At IEDM in December, the opening keynote (technically “Plenary 1”) was by Sri Samevadam of Imec. His presentation was titled “Towards Atomic Channels and Deconstructed Chips.” He presented Imec’s view of the future of semiconductors going forward, both Moore’s Law (scaling) and More than Moore (advanced packaging and multiple die). It is always interesting to hear Imec’s view of the world since it is a sort of Switzerland of the industry. All major semiconductor companies are engaged with Imec in pre-competitive research. There are over 500 “guest” engineers from these companies who work onsite at Imec.
This is really important since there needs to be a reasonable level of agreement on the direction to go. Although semiconductor companies differ in details of their processes, there has to be basic agreement on what equipment and materials are required since the whole ecosystem needs to come along too. A good example of this has been the development of EUV. Imec was especially well suited to be involved in this since ASML, the only company to supply EUV steppers, is “up the road” in the Netherlands, just a one-hour drive away. The three leading-edge semiconductor companies were all going to get basically the same equipment and Imec, who had an EUV stepper early on, was the place to work out what it was capable of. To learn more about Imec, see my post If It’s Tuesday This Must Be Belgium. My First Visit to Imec.
Sri started with an overview of scaling in the past. It’s a story I’m sure you know: the end of Denard scaling when the voltage could no longer be lowered due to short-channel effects, copper interconnect, strained silicon, HKMG, FinFET, and in the near future, GAA nanosheets.

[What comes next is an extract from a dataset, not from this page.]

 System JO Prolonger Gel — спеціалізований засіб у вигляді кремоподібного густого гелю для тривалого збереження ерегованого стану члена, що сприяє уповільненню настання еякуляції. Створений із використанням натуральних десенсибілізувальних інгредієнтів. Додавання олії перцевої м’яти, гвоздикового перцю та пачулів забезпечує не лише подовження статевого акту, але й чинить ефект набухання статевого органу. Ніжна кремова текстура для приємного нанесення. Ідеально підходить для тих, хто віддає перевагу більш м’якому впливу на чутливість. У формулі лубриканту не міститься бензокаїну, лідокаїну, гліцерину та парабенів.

Next, he moved to the future and the EUV roadmap in particular. For 3nm and beyond, it will be necessary to use multiple-patterning, either SADP or SALELE (this stands for self-aligned litho-etch-litho-etch, but I don’t know how the alignment is achieved unlike SADP that uses a mandrel). The hope is high numerical aperture (NA) EUV, which should get us back to single patterning, but that is at least a few years out. Sri’s cost estimates (assuming high-NA EUV is 1.5X the cost of today’s EUV, (so about $150+M per stepper) are that high-NA will be 5% lower during early adoption and 14% lower in full production.
Moving on to logic scaling, Sri had the above diagram. Obviously, as you go across, the process goes from 3nm to 1nm. Key requirements are buried power rail (BPR) instead of putting the main power distribution in interconnect. Transistors move to gate all around nanosheets (for higher drive, lower leakage). To get the number of standard cell tracks below 5 requires forksheets, moving the P and N transistors closer, and to get down to 4 tracks requires CFET (complementary FET) where the P and N transistors are vertically stacked one above the other. For 1nm and beyond, there will be a need to switch to two-dimensional channel materials. Buried power rail (BPR) also opens up the possibility of backside power distribution, and eventually other features on the backside such as decaps.

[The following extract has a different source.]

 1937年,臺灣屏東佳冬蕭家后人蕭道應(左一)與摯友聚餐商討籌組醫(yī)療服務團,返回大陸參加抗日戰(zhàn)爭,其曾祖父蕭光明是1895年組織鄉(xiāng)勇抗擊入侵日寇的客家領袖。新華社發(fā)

CFETs allow the n-transistor to be stacked on top of the p-transistor, saving a lot of area at the cost of process complexity. However, there remain many technical challenges to manufacture, such as the common gate and the thermal issues that often accompany 3D structures.
The next generation is some sort of 2D channel material such as MoS2 (molybdenum disulfide) but currently, demonstration vehicles are an order of magnitude worse than state-of-the-art silicon-based channels. But there is nothing other than 2D materials on the horizon, so further investigation is essential.
For interconnect, today we have dual-damascene copper, but to address via resistance we’ll need a hybrid solution with a second metal like ruthenium (and a thinner barrier). For further advancement, we need a semi-damascene process, but copper can’t easily be etched so it will need to be some other material. Eventually, we’ll need completely new materials.
SRAM scaling is also under pressure and has slowed recently. But SRAM also benefits for many of the device innovation I already mentioned, such as CFETs or BPR.
Next up, More than Moore, 3D SoC design. One big challenge today is that EDA tools to do this do not yet exist, except for the most simple cases such as partitioning memory and logic. Sticking die like this presupposes high-density 3D interconnect.
Sri feels that EDA advancement needs to accelerate, eventually delivering a full 3D-aware design environment, as shown in the diagram above.
Sri feels we have a research agenda for the next ten years, especially in the areas of 2D materials. Also, for 3D chips, more research is needed on silicon structures such as backside power distribution, and also a full design suite of EDA tools for full 3D design.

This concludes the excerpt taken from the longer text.